* Goal of the exercise *
Please transcribe the entries below exactly and leave out every picture.

* Source records *
# # # # #

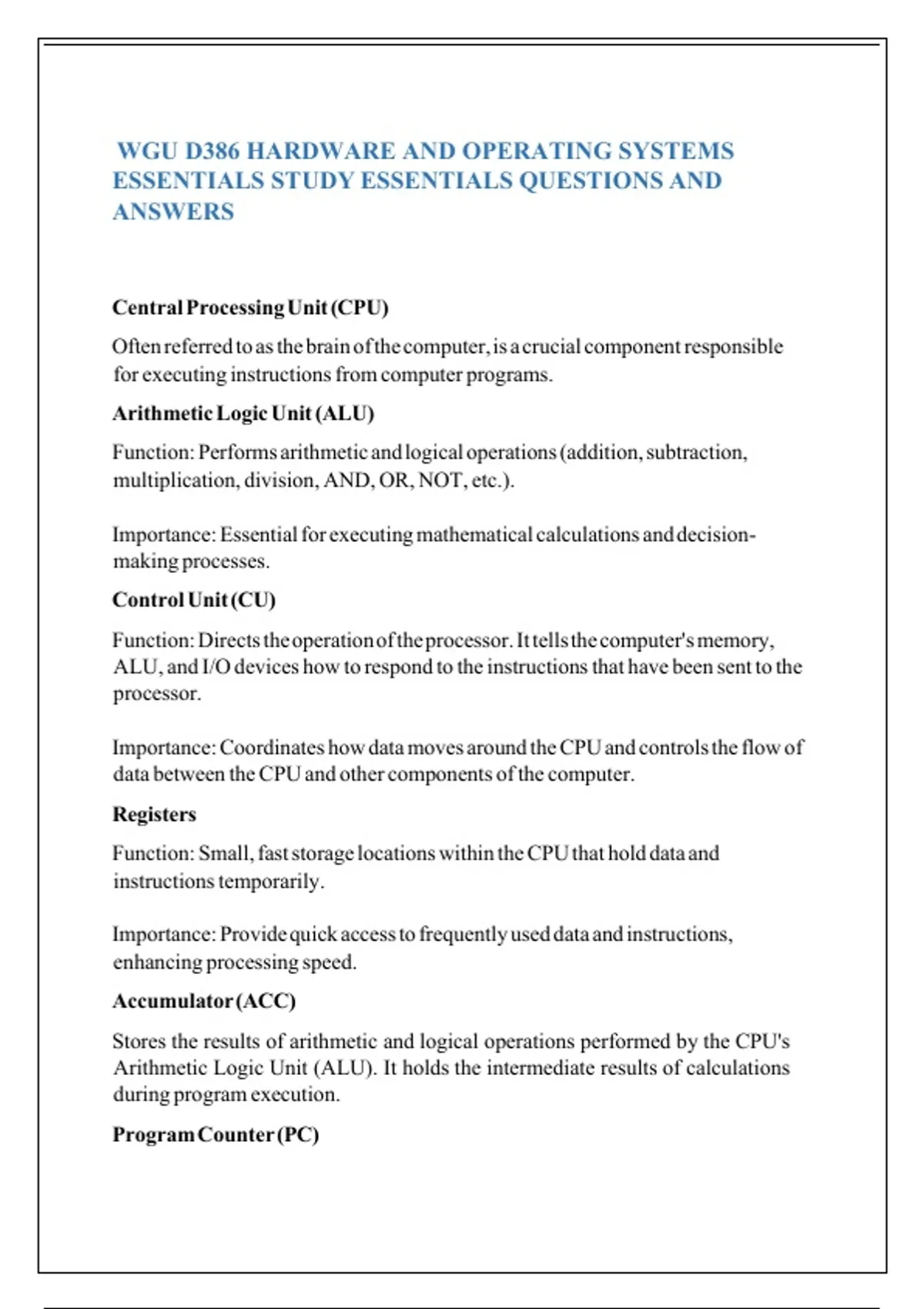 WGU D386 HARDWARE AND OPERATING SYSTEMS
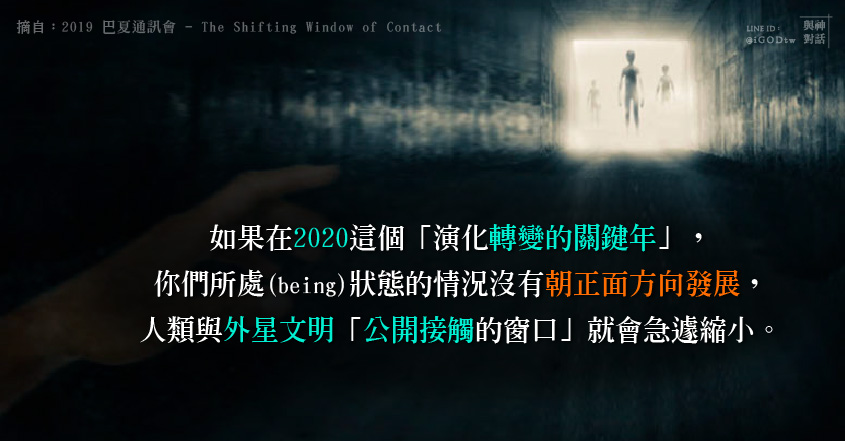 主要是因為,這是個(對於人類與外星文明的公開接觸是否能繼續向前進展)非常關鍵的地方——如果在2020這個「演化轉變的關鍵年」,你們所處(being)狀態的情況沒有朝正面的方向發展,「公開接觸的窗口」就會急遽縮小。
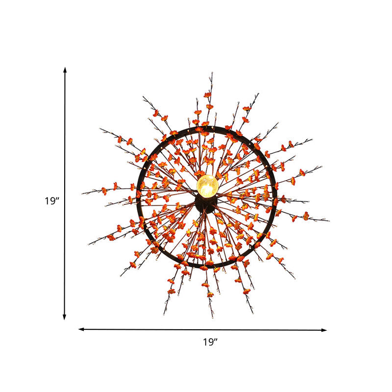 Cette roue d'applique murale en métal noir est une applique murale rétro à DEL à 1 ampoule. Il est livré avec une décoration de fleur de prunier. Il mesure 19 pouces de haut et a une largeur de 19 pouces. Le type de lumière est à LED et la puissance maximale de l'ampoule est de 39 watts. Il a une tension de 220V-240V ou 110V-120V. Il est électrique à câblage direct et a une température de couleur chaude. Le type de luminaire est une applique murale.
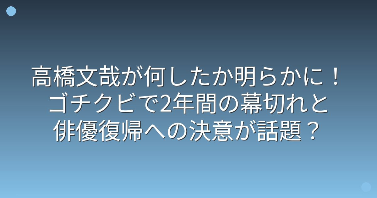 そこで今回は、高橋文哉さんが何をしたのか、クビの経緯や本人の反応、そして今後の展望について詳しく見ていきましょう!
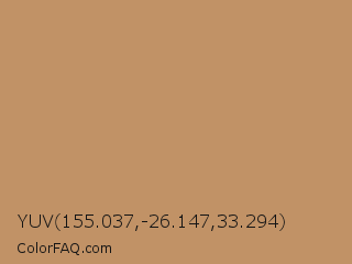 YUV 155.037,-26.147,33.294 Color is a normal orange color and the nearest color is Desert Camel #c19a6b. Hex code #c19266 and RGB value is rgb(193,146,102). In RGB color space, this color is composed of 76% red, 57% green, 40% blue, In CMYK color space, this color is composed of 0% cyan, 24% magenta, 47% yellow , 24% black , In HSL color space, this color has a hue angle of 29° , 42% saturation and 58% lightness.

# # # # #

* Your response *
 WGU D386 HARDWARE AND OPERATING SYSTEMS
 主要是因為,這是個(對於人類與外星文明的公開接觸是否能繼續向前進展)非常關鍵的地方——如果在2020這個「演化轉變的關鍵年」,你們所處(being)狀態的情況沒有朝正面的方向發展,「公開接觸的窗口」就會急遽縮小。
 Cette roue d'applique murale en métal noir est une applique murale rétro à DEL à 1 ampoule. Il est livré avec une décoration de fleur de prunier. Il mesure 19 pouces de haut et a une largeur de 19 pouces. Le type de lumière est à LED et la puissance maximale de l'ampoule est de 39 watts. Il a une tension de 220V-240V ou 110V-120V. Il est électrique à câblage direct et a une température de couleur chaude. Le type de luminaire est une applique murale.
 そこで今回は、高橋文哉さんが何をしたのか、クビの経緯や本人の反応、そして今後の展望について詳しく見ていきましょう!
 YUV 155.037,-26.147,33.294 Color is a normal orange color and the nearest color is Desert Camel #c19a6b. Hex code #c19266 and RGB value is rgb(193,146,102). In RGB color space, this color is composed of 76% red, 57% green, 40% blue, In CMYK color space, this color is composed of 0% cyan, 24% magenta, 47% yellow , 24% black , In HSL color space, this color has a hue angle of 29° , 42% saturation and 58% lightness.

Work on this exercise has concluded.